Investor education and communication play a critical role in our industry. Investor awareness and education programs give clarity, facilitate effective risk management, encourage investors to focus on their goals, make them aware of the concept of diversification and managing risk, highlight the significance of costs and fees, inform them about the risks of market movement and ensure transparency. This empowers investors to make informed decisions that align with their financial objectives and choose the right product to invest.

 

If an investor wants to invest Rs 1 lakh in mutual funds, what would be your advice to them?
If an investor wants to invest Rs 1 lakh in mutual funds amidst high and volatile markets, one strategy to consider is a Systematic Transfer Plan (STP). STP involves transferring a fixed amount from a liquid or money market fund to an equity fund at regular intervals. This approach helps in averaging the cost of investment over time, reducing the impact of market volatility.

Additionally, it allows the investor to gradually enter the equity market, which can be beneficial during uncertain market conditions.

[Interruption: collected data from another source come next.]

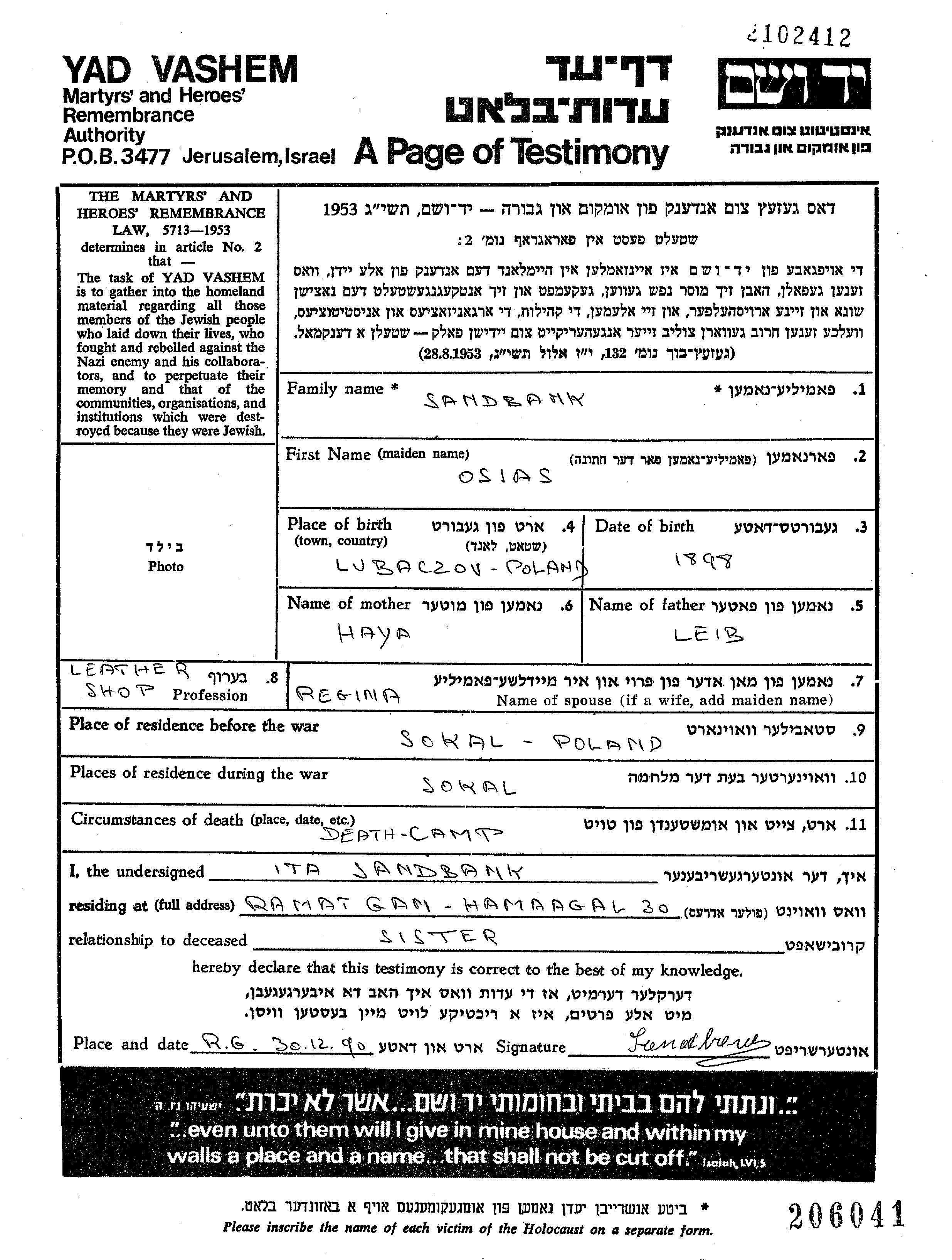 Osias Hoshea Sandbank est né à Lubaczow, Pologne, fils de Leib et de Haya née Riss. Il était Propriétaire d'un magasin et Mariée à Regina. Avant la seconde guerre mondiale il vivait à Sokal, Pologne. Au cours de la guerre, il était à Sokal, Pologne.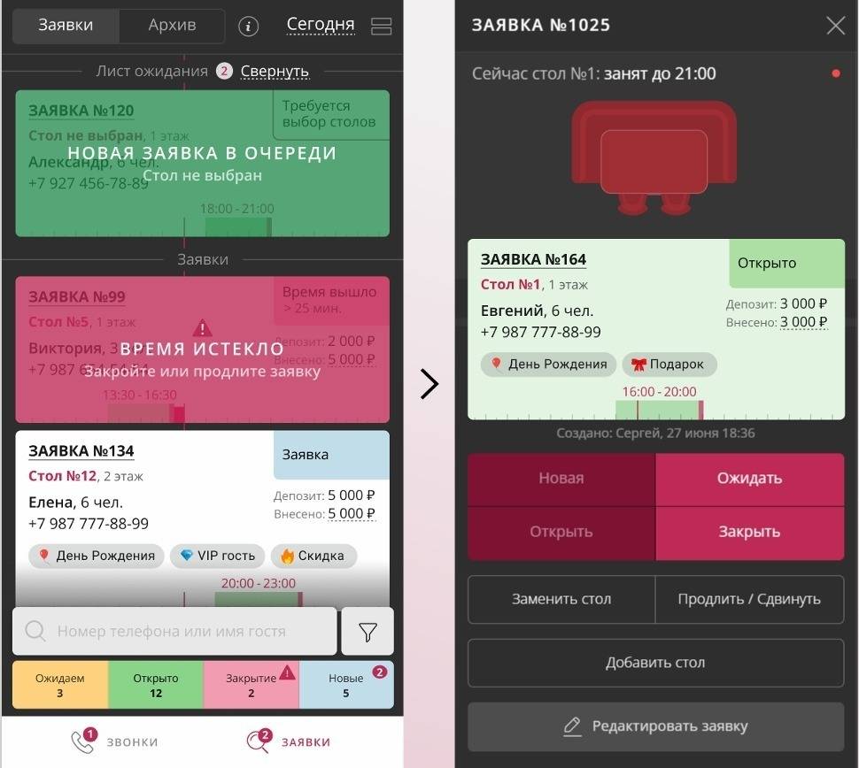 Полностью заменяет бумажные журналы: хостес и администраторы видят все брони в одном интерфейсе, могут быстро подтверждать, переносить и назначать столы, избегая ошибок и накладок.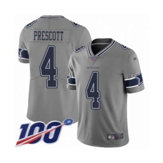 >Youth Dallas Cowboys #4 Dak Prescott Limited Gray Inverted Legend 100th Season Football Jersey
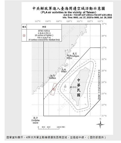 國軍資料顯示,3架次共軍主戰機及無人機侵擾我西部空域,其中1架次逾越中線。(國防部提供)

However, it's essential to consult a financial advisor to determine the suitability of STP based on individual investment goals and risk tolerance.

 

Looking ahead, what are your thoughts on the future of asset management and the role of technology in shaping this industry?
The future of asset management is set to be heavily influenced by technology, with several key trends already shaping the industry and expected to continue doing so. Quantitative analytics driven by AI and machine learning is revolutionizing asset management by providing data-driven insights that lead to better and faster decision-making.
 

Additionally, blockchain technology, initially associated with cryptocurrencies, is now being applied more broadly, including in asset management. It has the potential to improve transparency, reduce fraud, and streamline processes such as fund transfers and shareholder voting.

Looking ahead, the future of asset management is expected to involve greater integration of quantitative analytics and technology. This integration will lead to more efficient, transparent, and client-centric investment solutions, further shaping the industry's evolution.

 

Disclaimer: The opinions expressed above are personal and may not reflect the views of Dalal Street Investment Journal.